El discurso de Felipe VI en la noche del 3 de octubre tuvo una gran importancia en la crisis catalana. Se trató de una intervención nada inoportuna y justificada por el papel que la Ley Fundamental otorga al Jefe del Estado, afirma en El País el profesor Javier García Fernández, catedrático de Derecho Constitucional de la Universidad Complutense de Madrid.

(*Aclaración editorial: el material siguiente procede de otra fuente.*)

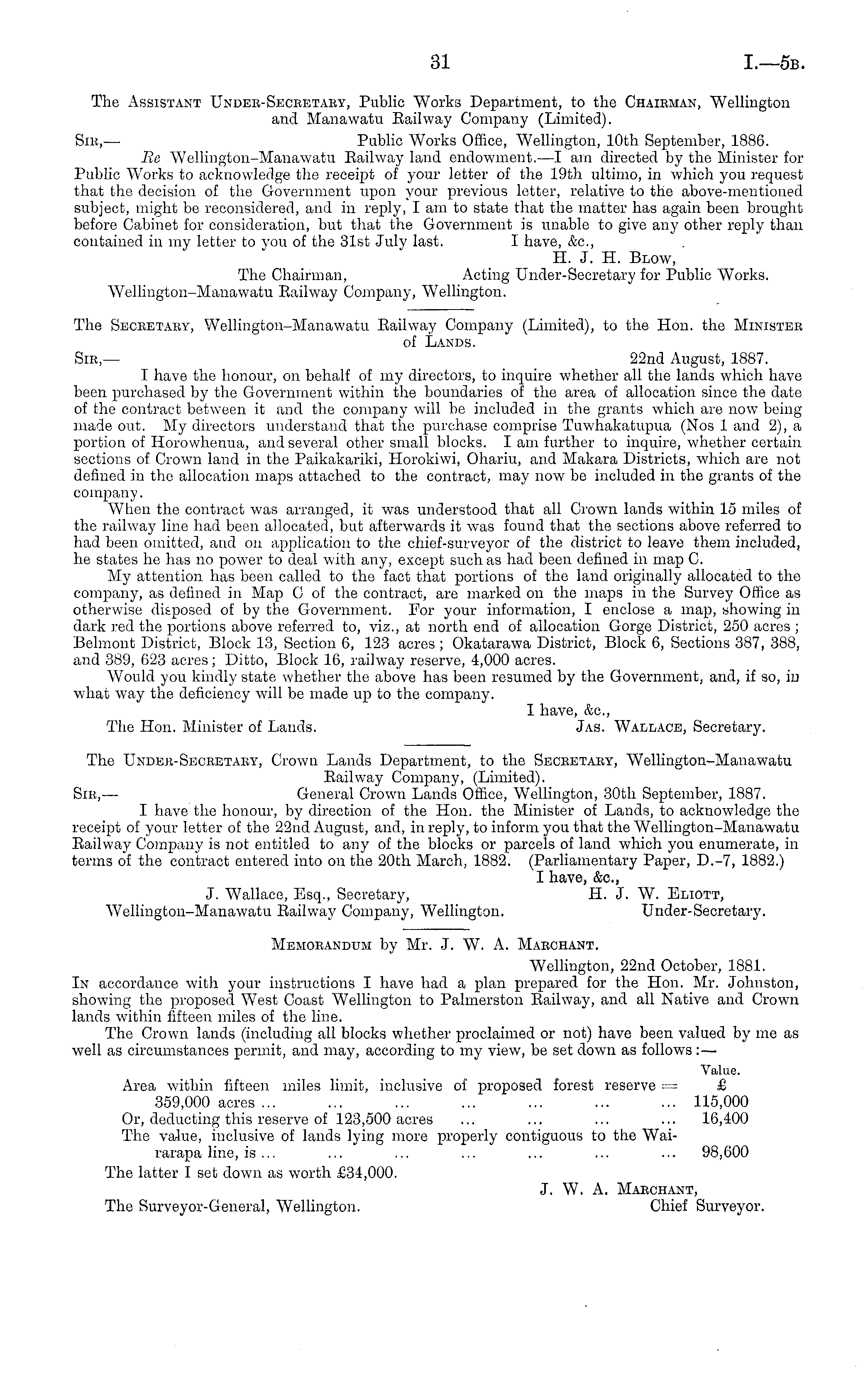 The Seceetaby, Wellington-Manawatu Railway Company (Limited), to the Hon. the Ministee of Lands. Sib,— 22nd August, 1887. I have the honour, on behalf of my directors, to inquire whether all the lands which have been purchased by the Government within the boundaries of the area of allocation since tho date of the contract between it and the company will be included in the grants which are now being made out. My directors understand that the purchase comprise Tuwhakatupua (Nos 1 and 2), a portion of Horowhenua, and several other small blocks. lam further to inquire, whether certain sections of Crown land in the Paikakariki, Horokiwi, Ohariu, and Makara Districts, which are not defined in the allocation maps attached to the contract, may now be included in the grants of the company. When the contract was arranged, it was understood that all Crown lands within 15 miles of the railway line had been allocated, but afterwards it was found that the sections above referred to had been omitted, and on application to the chief-surveyor of the district to leave them included, he states he has no power to deal with any, except such as had been defined in map C. My attention has been called to the fact that portions of the land originally allocated to the company, as defined in Map C of the contract, are marked on the maps in the Survey Office as otherwise disposed of by the Government. For your information, I enclose a map, showing in dark red the portions above referred to, viz., at north end of allocation Gorge District, 250 acres ; Bolmont District, Block 13, Section 6, 123 acres ; Okatarawa District, Block 6, Sections 387, 388, and 389, 623 acres; Ditto, Block 16, railway reserve, 4,000 acres. Would you kindly state whether the above has been resumed by the Government, and, if so, in what way the deficiency will be made up to the company. I have, &c, The Hon. Minister of Lands. Jas. Wallace, Secretary.

Durante la crisis secesionista catalana,  comienza diciendo,el Rey tuvo una relevante actuación expresada en su mensaje del 3 de octubre que fue considerado como una declaración de guerra por los independentistas, los comunes y Podemos. Más sorprendente es que algún trabajo académico, tras criticar la intervención regia, lamentase que el Rey no hablara de los contusionados por las cargas policiales. No hace falta ser constitucionalista para entender la crisis política que conocería la Monarquía parlamentaria si su titular criticara implícitamente a las Fuerzas y Cuerpos de Seguridad dirigidas por el ministro del Interior. Las críticas independentistas y de sus aliados incitan a analizar jurídicamente el mensaje del Rey, máxime cuando es la primera vez que el nuevo Monarca tiene que afrontar una crisis constitucional.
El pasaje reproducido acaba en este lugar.